Аллегро - Владислав Вишневский Страница 33
Аллегро - Владислав Вишневский читать онлайн бесплатно
Проснувшийся инструмент сочно и объемно отозвался на призывное касание его клавиш, охотно заполнил звуками весь зал. Одни его звуки ещё гордо звучали, другие уже гасли, дробно подгоняемые следующими музыкальными всполохами… Рояль вздохнул, ожил, разулыбался звуками, как бы говоря, ещё, ещё… ну же, ещё. И легато, пожалуйста, и стаккато, все октавы, всё есть, всё достойно, всё солидно, всё соответствует родословной, возрасту и положению инструмента. Прошу, господа, пожалуйста, играйте, наслаждайтесь. И чёрные, и белые клавиши… всё для вас, всё к вашим услугам. Прошу.
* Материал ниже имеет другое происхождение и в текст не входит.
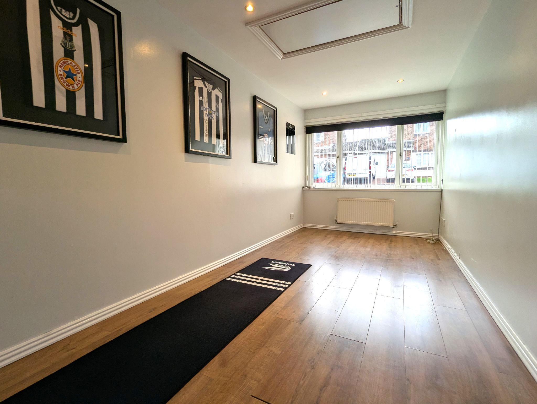 2nd Reception Room - 16'4 x 7' (5.01m x 2.14m) - A converted garage currently used as a games room. With laminate flooring throughout, front-facing UPVC double glazed window, access to a separate loft space for extra storage and wall mounted radiator.

Устоять было невозможно. Это и понятно. Редкий человек сможет пройти мимо и не нажать пальцем магически притягивающую и взгляд, и руку белую или черную клавишу фортепиано. Хотя бы одну, а то и несколько сразу. Нажмет человек, и слушает потом, стесняясь или восхищаясь, затухающий его звук. Слушает им самим, сейчас вот, одномоментно созданный живой звук, возникший из небытия, как какую-то магию. Сколько же всего волшебного знают эти ровные и строгие клавиши; сколько всего магического могут произвести его чуткие струны; сколько сильных и страстных чувств и необыкновенных образов может создать, вызвать этот магический инструмент… в достойных и чувственных руках… и вообще. А тут, рояль. Концертный рояль. Великолепно настроенный…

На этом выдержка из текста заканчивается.